Many are the students working part-time to earn their tuition at low-paying jobs. Mass media uses the word  'Sampo'  generation: compelled to give up romance, marriage and children.  'Sam' is the word for three and 'Po' give up. This give-up-generation now adds four more things they have to give up:  home owning, social life, and recently added  was dreams and hopes.

He wants students who come  for counseling to hold their head up high, look up at the sky, know what they want in life, and go for it. When he tells the students to look up at the sky, what he is saying is  keep their ideals, become the journalist they desire to be, and work to make persons the center of their mission. He recommends they take a trip, look over their lives, confirm their mission and when they return view the  full marathon course, and be determined to begin.

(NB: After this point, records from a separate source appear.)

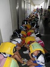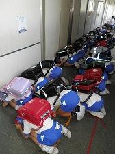 児童たちは正しい避難の姿勢を学び,教員は迅速な指示,連絡の方法を確認しました。
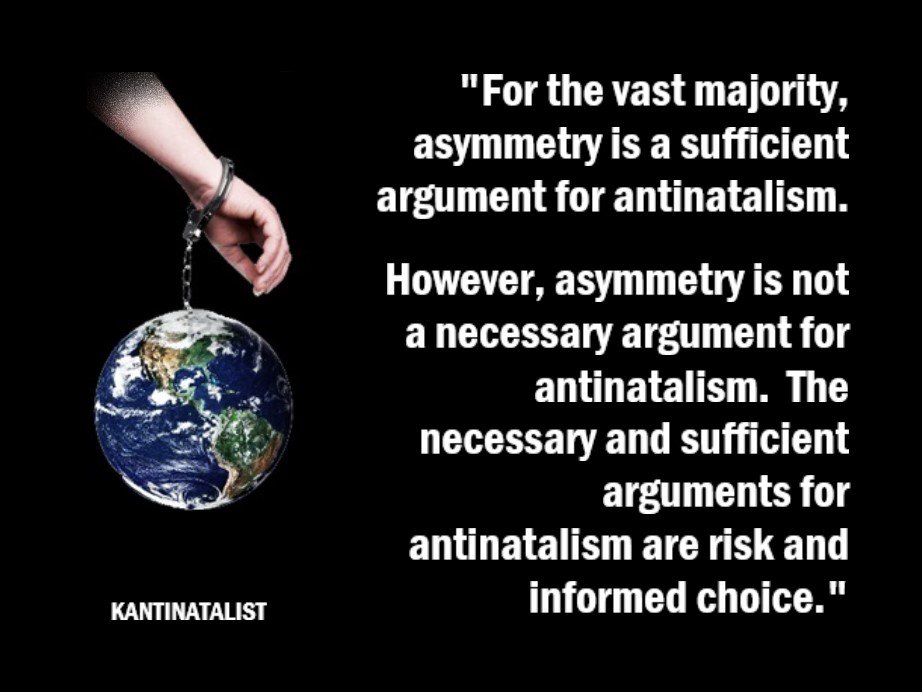 "For the vast majority, asymmetry is a sufficient argument for antinatalism. However, asymmetry is not a necessary argument for antinatalism. The necessary and sufficient arguments for antinatalism are risk and informed choice."
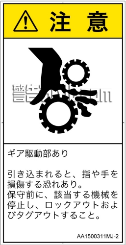 保守前に、該当する機械を停止し、ロックアウトおよびタグアウトすること。

Each New Year symbolizes  a new beginning with resolves and  dreams. Young people are the future. They need to dream, when they fail they need another opportunity. He mentions the movie 'Gone With the Wind,'  at the last scene of the movie the heroine Scarlett tired, broken and depressed returns home and says: "Tomorrow the sun will shine again."

Even when all looks black, we still have to go on living. We have to fight against anger and hate and begin the new year with hope, and use the time given us well.  We live in our place in history. Young people should look beyond the present reality to a new horizon with renewed strength. He finishes the column with a cry of encouragement: Keep on dreaming, stand up and change the world. Happy New Year!